L'archichancelier de l'Empire remplissait vis-à-vis de la famille impériale toutes les fonctions attribuées par les lois aux officiers de l'état civil.

Il devait y avoir un secrétaire de l'état de la maison impériale, choisi dans le ministère ou le conseil d'État[8].

[Note 8: ][(retour) ] Ce fut le conseiller d'État Régnault de Saint-Jean d'Angely.

Le cérémonial des mariages et des naissances était réglé.

L'archichancelier devait recevoir le testament de l'empereur qu'il dicterait au secrétaire de l'état de la famille impériale, en présence de deux témoins. Ce testament serait déposé au Sénat.

L'empereur réglait tout ce qui concernait l'éducation des princes et princesses de sa maison, nommant et révoquant ceux qui en seraient chargés. Tous les princes nés dans l'ordre de l'hérédité devaient être élevés ensemble dans un palais, éloigné au plus de vingt lieues de la résidence de l'empereur.

L'éducation commençant à sept ans et finissant à seize, les enfants de ceux qui se sont distingués par leurs services pouvaient être admis par l'empereur à partager les avantages de cette éducation.

Si un prince, dans l'ordre de l'hérédité, montait sur un trône étranger, il serait tenu, dès que ses enfants mâles auraient atteint l'âge de sept ans de les envoyer à la susdite maison.

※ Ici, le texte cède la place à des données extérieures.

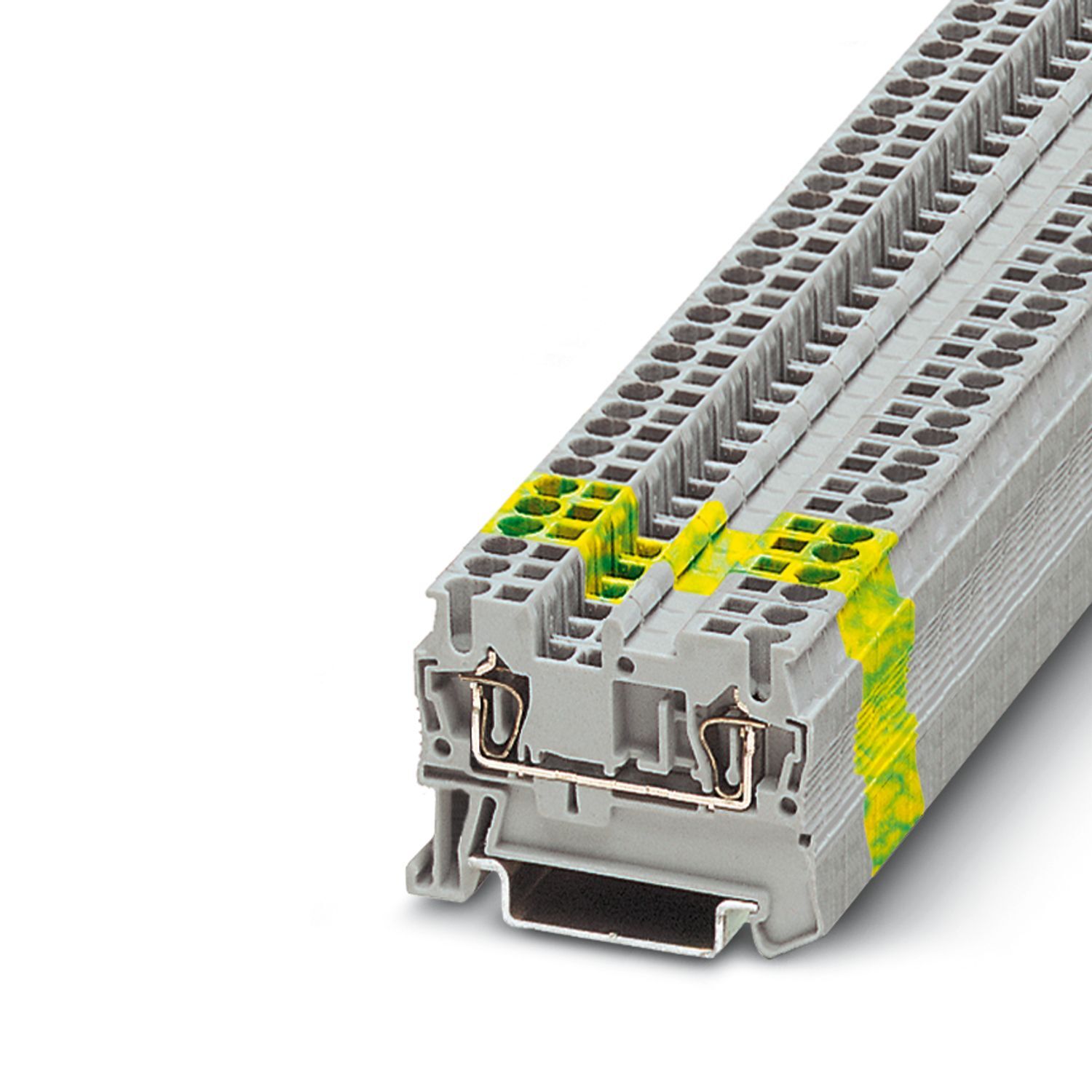 Заземляющий клеммный модуль с пружинными зажимами, количество точек подсоединения: 2, тип подключения: Пружинный зажим, Расчетное сечение: 2,5 мм2, cечение: 0,08 мм2 - 4 мм2, тип монтажа: NS 35/7,5, NS 35/15, цвет: желто-зел.

Les princes et princesses ne pouvaient sortir de France, ni s'éloigner d'un rayon de trente lieues, sans la permission de l'empereur.

Si un membre de la maison impériale venait à se livrer à des déportements et à oublier sa dignité et ses devoirs, l'empereur pouvait lui infliger, pour une année au plus, les arrêts, l'éloignement de sa personne, l'exil. Il pouvait éloigner de sa famille les personnes qui lui paraissaient suspectes. Il pourrait, dans des cas graves, prononcer la peine de deux ans de réclusion dans une prison d'État, en présence du conseil de famille, présidé par lui, et de l'archichancelier; le secrétaire de l'état de la maison impériale tenant la plume.